Set the following to True:

PYSPARK_CLI = True

In [4]:
%pyspark
IS_DB = True # Run the code in Databricks

PYSPARK_CLI = False
if PYSPARK_CLI:
    sc = SparkContext.getOrCreate()
    spark = SparkSession(sc)

In [5]:
%pyspark
eCommerceSchema = StructType([
  StructField("event_time", TimestampType(), False),
  StructField("event_type", StringType(), False),
  StructField("product_id", IntegerType(), False),
  StructField("category_id", LongType(), False),
  StructField("StringType", StringType(), False),
  StructField("brand", StringType(), False),
  StructField("price", DoubleType(), False),
  StructField("user_id", IntegerType(), False),
  StructField("user_session", StringType(), False),
])

### Load Source Data
The data for this exercise is provided as a CSV file containing details of e-commerce items and catetegories. The data includes specific characteristics (or *features*) for each item, as well as a *label* column indicating what is the Event Type of each item.

You will load this data into a DataFrame and display it.
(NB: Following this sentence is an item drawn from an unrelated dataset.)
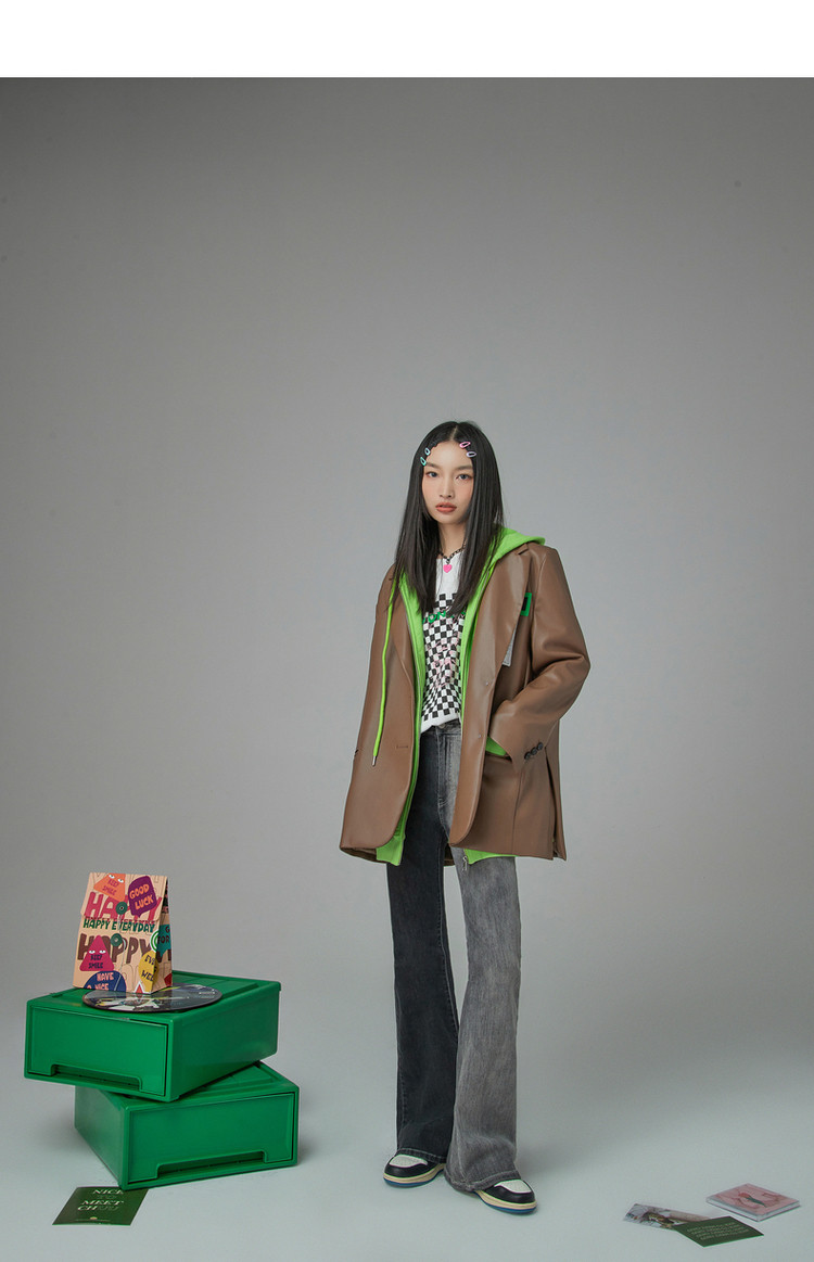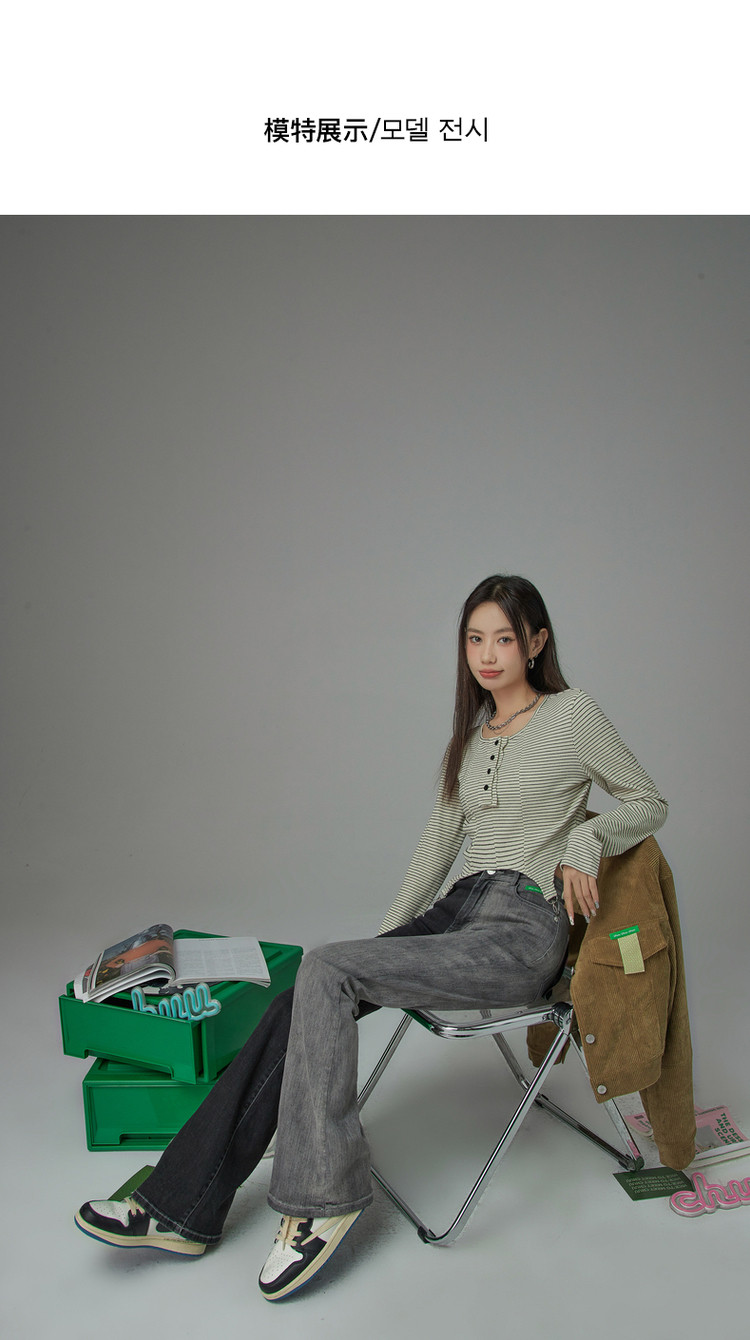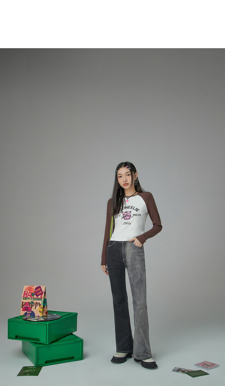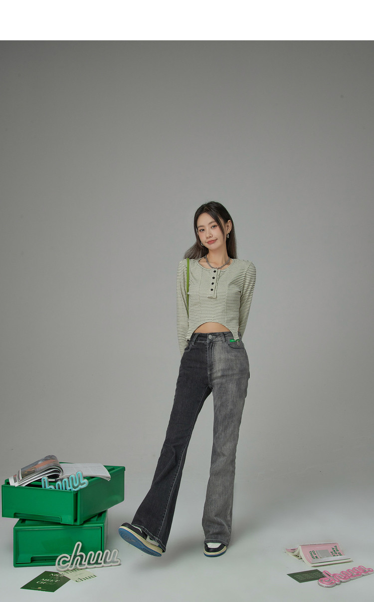 烟灰色撞色高腰微喇牛仔裤女春秋修身长裤子 608595

### Read the csv file from HDFS (Hadoop File System)

In [8]:
%pyspark
# File location and type
file_location = "/user/apandey9/5560/2019-Oct_Master.csv"
file_type = "csv"

# CSV options
infer_schema = "true"
first_row_is_header = "true"
delimiter = ","

# The applied options are for CSV files. For other file types, these will be ignored.
df = spark.read.format(file_type) \
  .option("inferSchema", infer_schema) \
  .option("header", first_row_is_header) \
  .option("sep", delimiter) \
  .load(file_location) 

df = df.withColumnRenamed('# File format is event_time', 'event_time')
df = df.filter((col("brand") != "No value") & (col("category_code") != "No value"))

df.show()

### Converting the string type columns into integer using withColumn

In [10]:
%pyspark
df = df.withColumn("event_type", when(df.event_type == 'view', 1) \
                  .when(df.event_type == 'cart', 2) \
                  .when(df.event_type == 'purchase', 3))
df.show()

### Converting the string type columns into indices using StringIndexer

In [12]:
%pyspark
#Converting String Values into Index Values
indexer = StringIndexer(inputCol="brand", outputCol="brandIndex")
indexer1 = StringIndexer(inputCol="category_code", outputCol="category_codeIndex")
df = indexer.fit(df).transform(df) 
df = indexer1.fit(df).transform(df)
df.show()

In [13]:
%pyspark
df.printSchema()

### Create a temporary view of the dataframe "df"

In [15]:
%pyspark
# Create a view or table
temp_table_name = "2019-Oct_Master.csv"
df.createOrReplaceTempView(temp_table_name)

In [16]:
%pyspark
if PYSPARK_CLI:
    csv = spark.read.csv('2019-Oct_Master.csv', inferSchema=True, header=True)
else:
    csv = spark.sql("SELECT * FROM 2019-Oct_Master.csv")

### Selecting features
In this following step, we are selecting the features that are useful for Event_Type Prediction.

In [18]:
%pyspark
data = csv.select("product_id", "brandIndex", "category_codeIndex", "price", "user_id", col("event_type").alias("label"))

### Split the Data
It is common practice when building supervised machine learning models to split the source data, using some of it to train the model and reserving some to test the trained model. In this exercise, you will use 70% of the data for training, and reserve 30% for testing.

In [20]:
%pyspark
# Split the data
splits = data.randomSplit([0.7, 0.3])
train = splits[0]
test = splits[1].withColumnRenamed("label", "trueLabel")
print ("Training Rows:", train.count(), " Testing Rows:", test.count())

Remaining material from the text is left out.